Figure 10 shows Precision–Confidence Curve, a graphical representation of the performance of a classification model. Considering the labels “accident”, “car”, “truck”, and “bus”, it seems that this graph can be used for tasks involving the recognition of accidents and object detection. The domains of computer vision and machine learning greatly benefit from this graph. The graph’s x-axis displays the confidence level, or the probability that the predicted label will materialize. Plotted on the y-axis, precision represents the proportion of affirmative identifications that were, in fact, correct. Each of the colorful lines represents a different class. The blue line represents the ‘accident’ class. It shows how different levels of confidence have an impact on how accurate “accident” projections are. Similar to this, the categories “car”, “truck”, and “bus” are indicated by the corresponding red, green, and black lines. The average performance for all courses is shown by the multicolored line that reads “all classes 1.00 at 0.98”. It implies that the model has an accuracy of 1.00 at a confidence level of 0.98 after accounting for all classes.

3.4. Precision–Recall

Recall is the percentage of true positive cases that were correctly detected, and it is shown on the graph’s x-axis. Precision is shown on the y-axis as the percentage of affirmative identifications that were in fact right. Every colored line signifies a distinct class. The blue line represents the ‘accident’ class. It illustrates how different recall capacities impact how accurate “accident” forecasts are. The colorful line labeled “all classes 0.933 [email protected]” seems to show an overall performance with the intersection over union (IoU) being 0.5 and the mean average precision (mAP) being 0.933. The precision–recall curve is shown in Figure 11.

3.5. F1 Score

The F1 score is a critical metric in evaluating the performance of object detection models like YOLOv8, providing insights into the balance between precision and recall, essential for accurate model assessment. The YOLOv8 model achieved an F1 score of 0.89 or 89% as shown in Figure 12. This F1 score graph helps the fields of computer vision and machine learning immensely. The matrix may be used to calculate a variety of metrics, such as the precision (the number of relevant items selected), recall (the number of relevant objects picked), and F1 score (the harmonic mean of precision and recall).

3.6. Comparative Analysis

Figure 13 displays, on the right-hand side, and offers a comparison of the processing speed of models.
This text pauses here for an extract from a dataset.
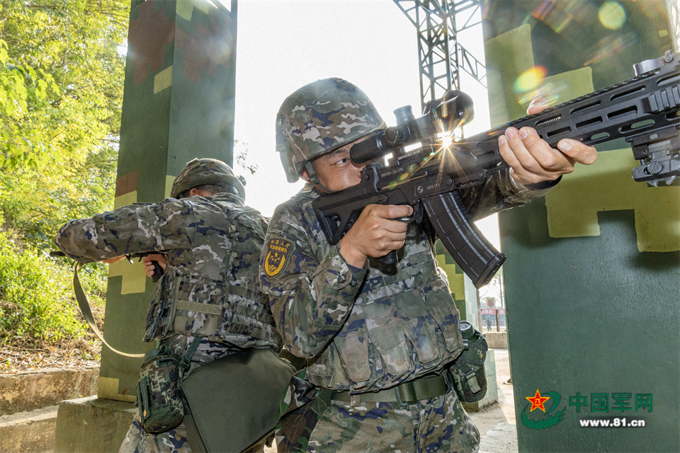 近日,武警广西总队机动支队官兵紧贴实战要求,组织开展战术捕歼演练。

This speed is measured by the latency for the given examples. While it may not be immediately clear to discern the specific models from the image, it is generally understood within the field that the latest iterations of YOLO, such as YOLOv8, offer faster and better performance. Therefore, when one considers both the size of the model and the speed of production, it becomes apparent that YOLOv8 strikes a highly complex yet efficient balance. This balance renders it an extremely suitable choice for applications that necessitate real-time object detection and tracking. An example of such an application is the detection of obstacles in urban environments.
Our study covers the latest method for traffic incident detection. However, some of the past literature covers the traditional methods, which are discussed here: Lately, there has been a significant increase in the use of Internet of Things (IoT) systems to shorten the time needed for disaster rescue. This paper proposes an Internet of Things (IoT)-based automobile accident detection and categorization (ADC) system that reports the type of accident in addition to detecting it by combining the built-in and connected sensors of smartphones [71]. Another study [72] offers a process for creating a dependable, computationally cheap, real-time automatic accident detection system that requires the least amount of hardware to be installed. To be more precise, we divided our automatic accident detection system into three main phases: detection, tracking, and classification. We then suggested less computationally demanding solutions for each phase. Paper [73] investigates the viability of applying deep learning models to the detection and prediction of crash risk. For the investigation, data on volume, speed, and sensor occupancy were gathered from roadside radar sensors along Interstate 235 in Des Moines, Iowa. In this study [74,75], we use the Quadrant Scan, a recurrence-based technique, to analyze time series traffic volume data in order to find incidents. Numerous sensors along a stretch of a metropolitan highway record the data.
Furthermore, our study proposed the latest model of YOLO while the latest studies used some older models; the details of some of the latest studies are given: This study [76] uses the YOLOv6 object detection algorithm to identify potential accidents in video frames by detecting and marking accident-related objects with bounding boxes. Further, this study [77,78] proposed the YOLO-NAS for the object detection model developed by Deci. It is pre-trained on extensive datasets such as COCO and Objects365, which enhances its precision in various tasks, including accident detection.

4. Conclusions

The early identification of potential accidents can enable faster reaction times and potentially prevent accidents. In the current research, the YOLOv8 model is employed to detect traffic accidents in metropolitan areas. The model is trained to recognize four categories: “car”, “truck”, “bus”, and “accident.” Video streams from road surveillance cameras are collected as input data using Roboflow. The video frames are then preprocessed to enhance image quality and reduce noise through Deep-SORT. Finally, the YOLOv8 model is initialized with pre-trained weights obtained from a large dataset. The model is fine-tuned using the labeled dataset. After training, the model is capable of real-time accident detection. Results show that the accuracy (98.4%), recall (97.2%), precision (98.5%), and F1 score (95.7%) of the proposed approach are much greater than traditional methods. These outcomes highlight the potential of advanced machine learning to improve road safety and traffic management in metropolitan areas.

Author Contributions

Conceptualization, A.K. and M.A.R.; methodology, A.K. and M.A.R.; software, A.K. and M.A.R.; validation, Y.Z.A. and G.A.; formal analysis, Y.Z.A. and G.A.; investigation, Y.Z.A. and G.A.; resources, S.O. and M.S.H.; data curation, S.O. and M.S.H.; writing—original draft preparation, A.K. and M.A.R.; writing—review and editing, A.K. and M.A.R.; visualization, S.O. and M.S.H.; supervision, P.M. and M.S.H.; project administration, A.N. and P.M.; funding acquisition, G.A. and P.M. All authors have read and agreed to the published version of the manuscript.”

Funding

This research received no external funding.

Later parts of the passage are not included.